Capitalists and Marxists both have long studied how capitalism imposes a time-work discipline on waged workers. And some Marxists—most famously perhaps Henri Lefebvre— have suggested that time structures social life more generally. In what follows, I think about this question from the more specific perspective of social reproductive labor time. That is, what can be said about the temporalities of life-making in capitalist societies? How might an analytic focus on time and temporalities help us better understand how capitalism concretely conditions the work of life-making? And how might social reproductive labor time, despite being conditioned by capitalist productive relations, contradict and be deployed to resist capitalism?
This essay, I hope, offers some thoughts on how answers to such questions might be pursued. It is part of a larger project on the social reproduction of childhood in capitalism. After a condensed discussion drawing heavily on Jonathan Martineau’s discussion of capitalist clock-time, I consider ways in which social reproductive labor enacts and resists capitalist clock-time. I offer ideas about what makes the capitalist temporal organization of social reproductive labor both necessary and possible if never total and argue that the temporalities of meeting human needs through capitalistically unproductive social reproductive labor are essential to both profit-making and to resisting capitalist class power. (By “capitalistically unproductive” I mean both unwaged social reproductive labor done in households and communities and waged social reproductive labor performed by workers in the public and nonprofit sectors.)
Capitalist Clock-time
In Time, Capitalism and Alienation (Haymarket, 2016), Martineau argues that clock-time is constitutive of class power. Noting that clock-time itself precedes capitalism (the earliest clocks appearing circa 1300), he shows how—with its precise, invariable, quantifiable units of hours, minutes and seconds—clock-time is the very condition of the production of capitalist profit or surplus value. The quality of time is irrelevant. What matters, he demonstrates, is that the average hours of labor time is a key determining force of wealth creation. Quantitative clock-time is the force behind the law of value, which not only dictates the prices of goods and services (and thus which goods and services will produce a profit and thus be produced) but also how these must be produced in order to realize that profit. His point is that clock-time is not simply a measure of capitalist productivity, but that it structures production and the on-going production of surplus value, ultimately undergirding capitalist class rule.
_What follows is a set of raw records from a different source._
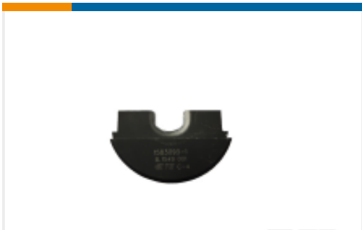
TE Part #1-1490413-8 NEST, 90 DEG SOLISTRAND1/0
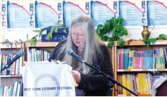
Eiléan Ní Chuilleanain
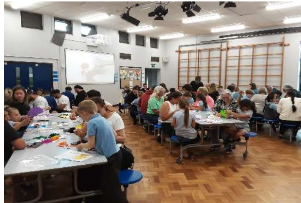
Our Year 1 Puppet making workshop was well attended by parents

Many of our classes are covering aspects of plants as their Science this term. If you have any spare seeds we could have please can you drop them at the school office or send them in with your child. Many thanks in advance ☺
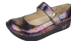
TOTS GORGE PAL-330
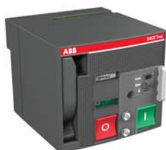
MOE - Motor operator
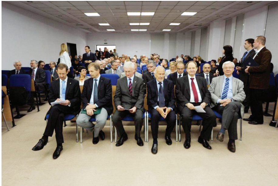
Figure 2. Opening ceremony guests
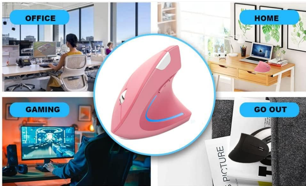
Figure 2: Versatile Usage Scenarios. The mouse is depicted in different environments, highlighting its suitability for office work, home use, gaming, and portability for travel. Its lightweight and simple features make it ideal for various settings.
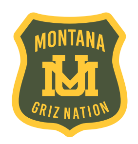
CL104 | Embroidered Patch
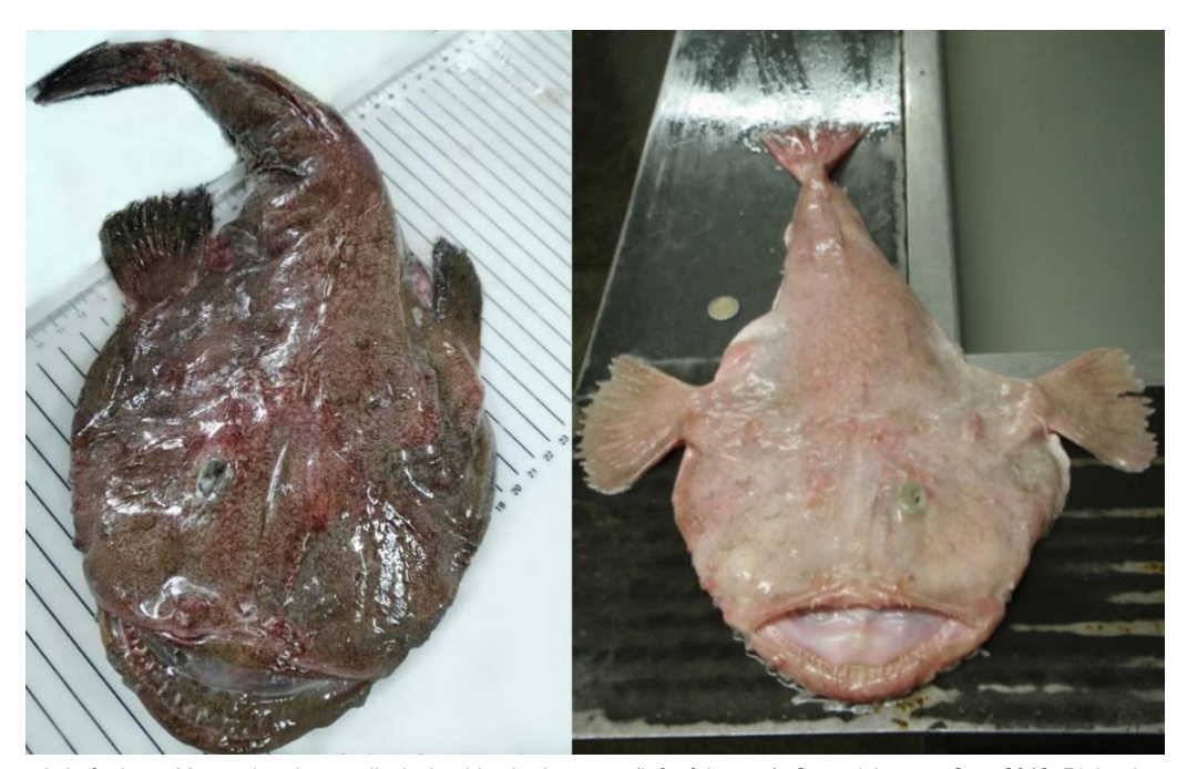
Figure 2. Left photo: Monocular abnormality in Lophius budegasssa (left of the eye), Central Aegean Sea, 2018. Right photo: Monocular leucism in Lophius budegassa (right of the eye), SE Irish Sea, January 2013.

This study supported by Ege University - Scientific Research Projects Coordination as 18-SUF-009 Scientific Research Project.
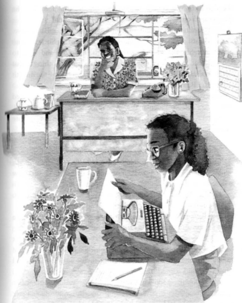
Mma Ramotswe sat at her desk and Mma Makutsi sat at hers.

Mma Malatsi shook her head. 'I don't think so,' she said. 'My husband joined a Christian group a year ago. I don't know who
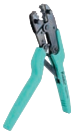
300-096 Ergo-Lunar Crimp Frame
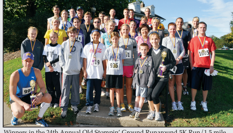
Winners in the 24th Annual Old Stompin' Ground Runaround 5K Run/1.5 mile
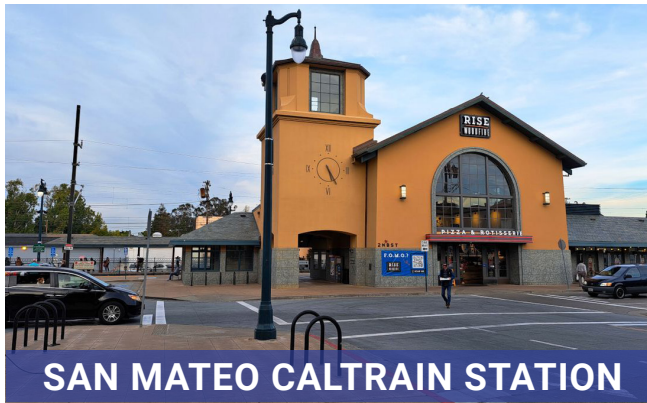
SAN MATEO CALTRAIN STATION
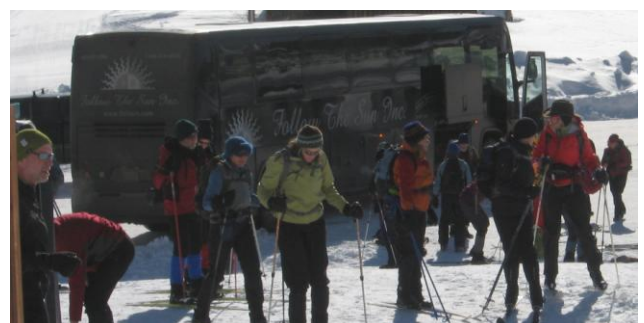
Skiers prepare to depart the bus for a day of skiing in Crested Butte, 2/12/11.
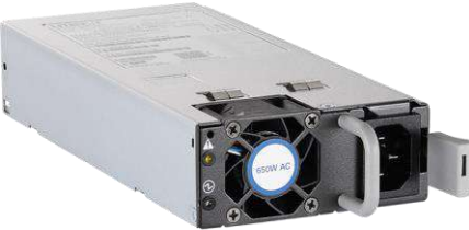
Figure 16. 650W AC power supply (C9K-PWR-650WACL-R)
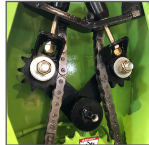
Chain case with tensioner and heavy #80 chain which is run in an oil bath and accessible with an easy access cover plate.

Hydraulic motor options are available to suit skid steer hydraulic flow.
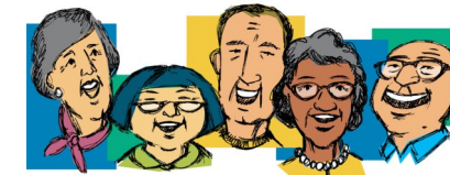
Fun for the Saints

The Silver Saints and the Ambassador Choir met together on May 7th. It was a great time. Since then things have occurred to change the original tentative calendar. The Silver Saints have temporarily become the Greatest Generation (again) and enjoyed lunch together at Stalvey's Restaurant on Thursday July 9th. A group of 12 attended including a new couple. This makes our first time together a success. The plan for the future will be as we did in July. An announcement will be in the bulletin and newsletter, the date will be indicated, the time always will be 11:30, the place will be identified and a reminder to call the church office to confirm attendance will be requested.
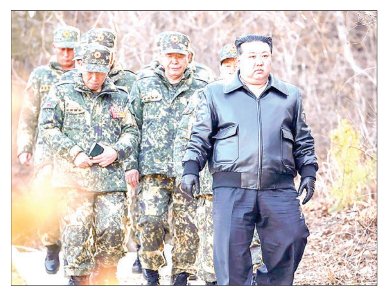
North Korean leader Kim Jong Un inspects a major operational training base at an undisclosed location in North Korea on Wednesday.
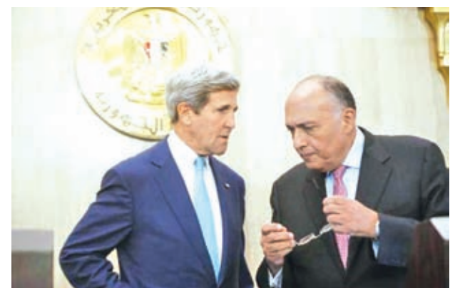
US Secretary of State John Kerry (L) and Egypt's Foreign Minister Sameh Shukri talk before making statements to reporters after Kerry met with Shukri and Egyptian President Abdel Fattah al-Sisi at the presidential palace in Cairo on 22 July, 2014.

CAIRO, 23 July — US Secretary of State John Kerry urged Hamas on Tuesday to pursue a negotiated end to its conflict with Israel after what he said were constructive talks with Egyptian officials about their ceasefire proposal.
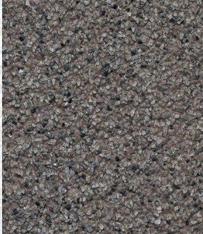
Atlantic Topaz GG-03
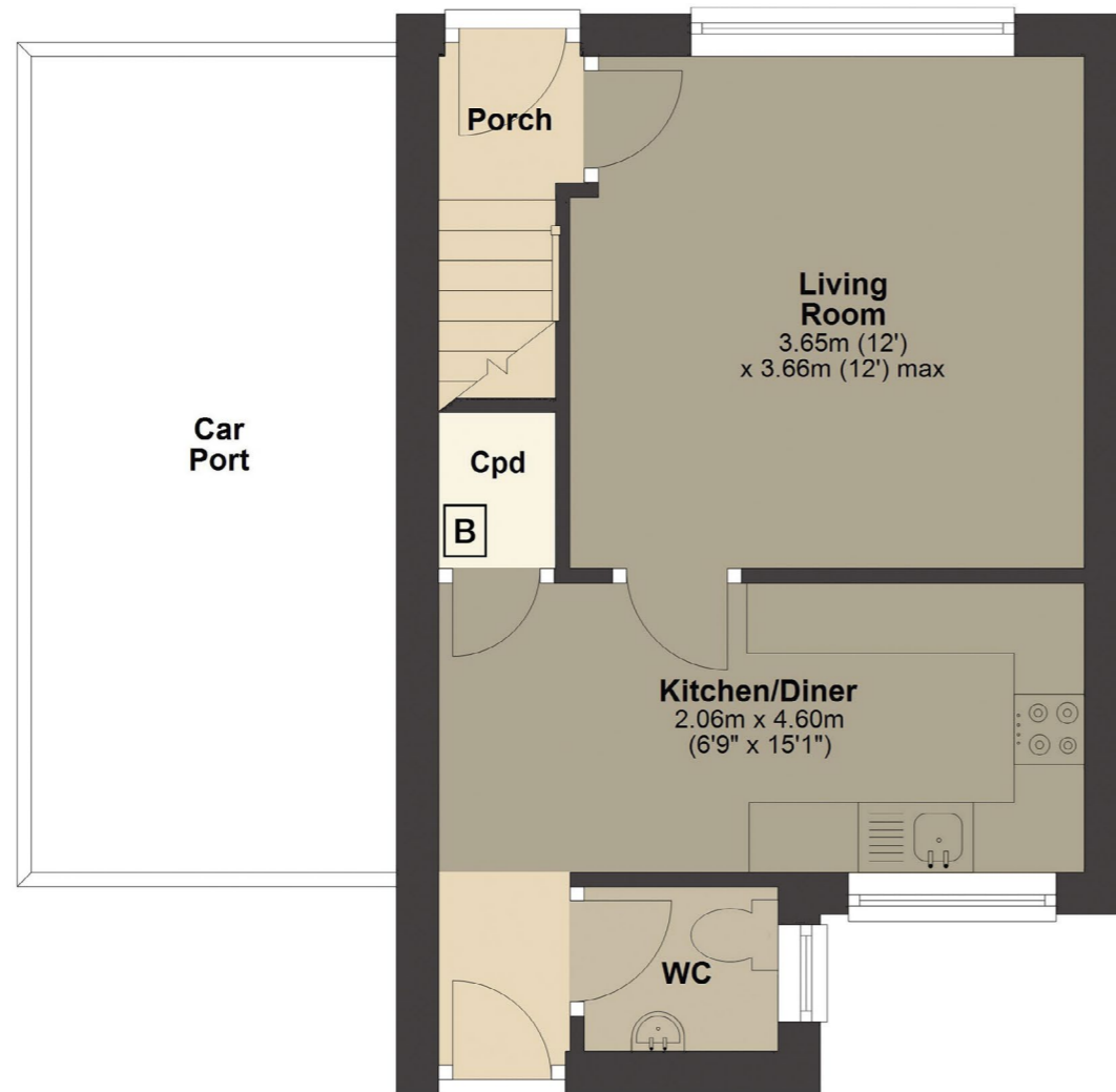
Ground Floor Approx. 29.8 sq. metres (320.3 sq. feet) (excluding Car Port)
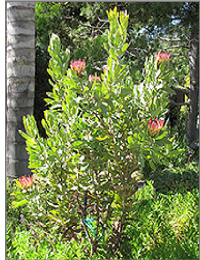
Sylvia Protea in bloom

This shrub should only be grown in full sunlight. It is very adaptable to both dry and moist growing conditions, but will not tolerate any standing water. It is not particular as to soil type, but has a definite preference for acidic soils. It is somewhat tolerant of urban pollution, and will benefit from being planted in a relatively sheltered location. Consider applying a thick mulch around the root zone in winter to protect it in exposed locations or colder microclimates. This particular variety is an interspecific hybrid.
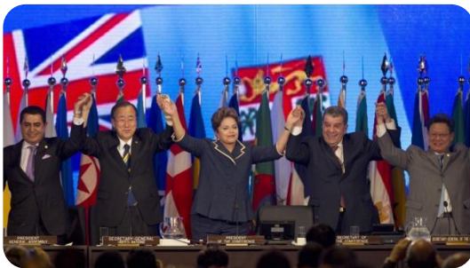
Rio + 20 Summit
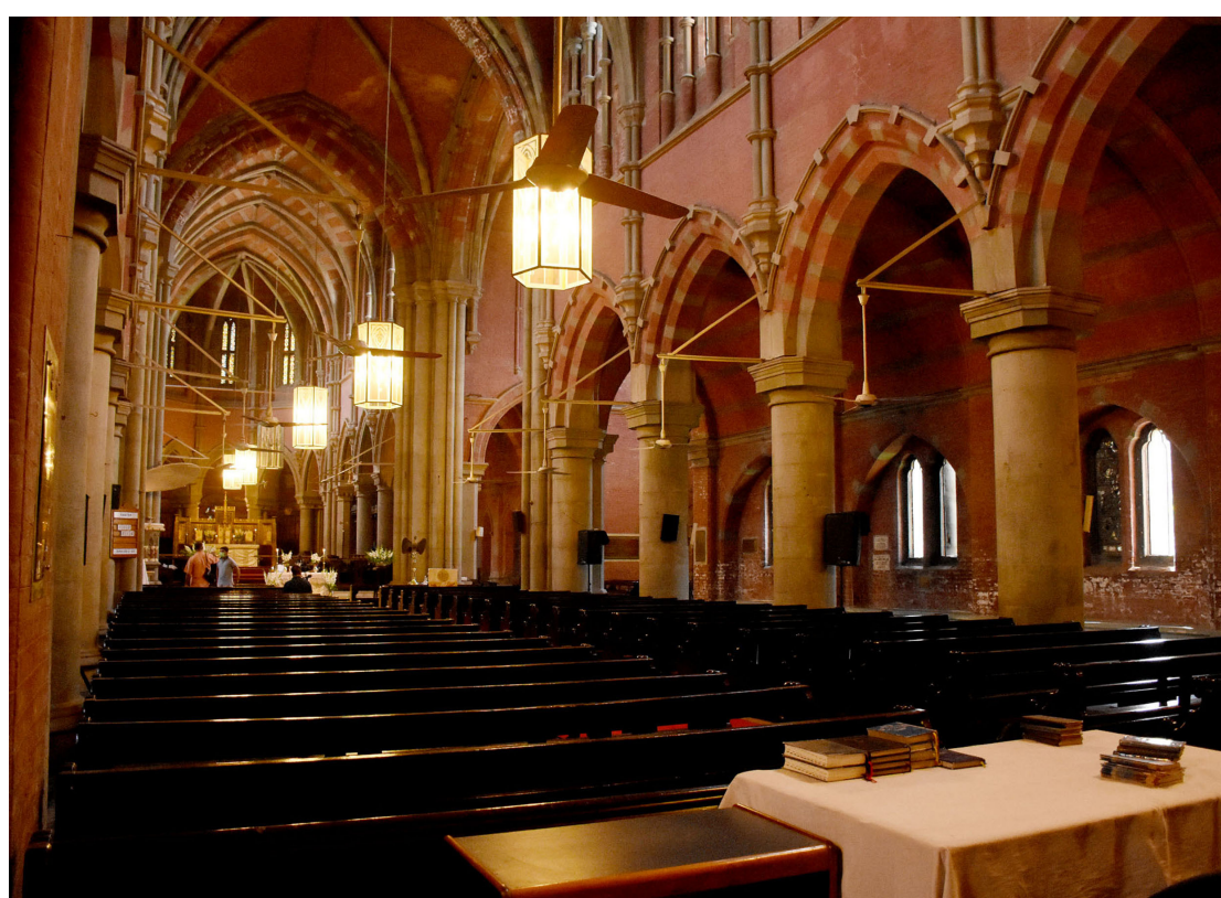
LAHORE: A view of Church a Christians stayed at home on the occasion of Easter.
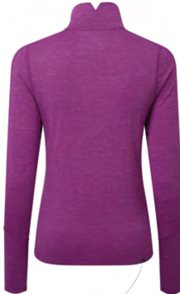
RH-00623 Thistle Marl/Aquamint
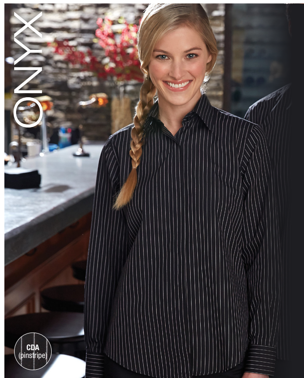
3.3 oz. yarn-dyed 65/35 poly/cotton, built-in collar stays, adjustable cuffs, double back yoke, covered placket Available in CDA
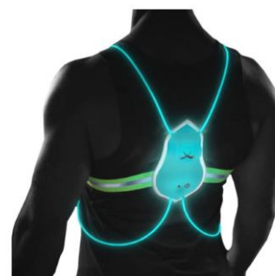
Glow Harness without reflective straps
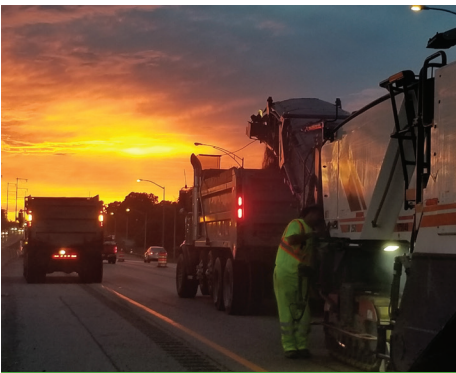
USH 12 - Madison Beltline • Madison, WI

However, Martineau stresses, capitalist clock-time does not and cannot fully determine productive activity in general. Whether life- or value-making, he writes, all “acts of concrete labor, as producers of use-value, entail and produce a concrete time” (114). Clock-time, Barbara Adam (Timewatch, Wiley, 1995) tells us, is artefactual, empty time abstracted from natural processes and human activities. This contrasts with what Martineau calls concrete time, which is variable, generated and measured in the process of the activity itself (for example, the amount of time it takes to change a baby’s diapers equals the amount of time it takes to change a baby’s diapers). Whether drilling for oil on a rig off the Gulf Coast or learning to tie a shoe, workers, waged and unwaged, produce things, services and people in concrete time: within specific timeframes “based on the very unfolding of the activity itself” (114). But Martineau also notes that there is a crucial difference between the production of oil and the production of a tied shoe or shoelace-tying expertise: only the former is directly and immediately organized by the law of value, by clock-time.
Capitalist temporal domination of life-making banks upon and exploits the uneven and flexible character of social reproductive standards and labor.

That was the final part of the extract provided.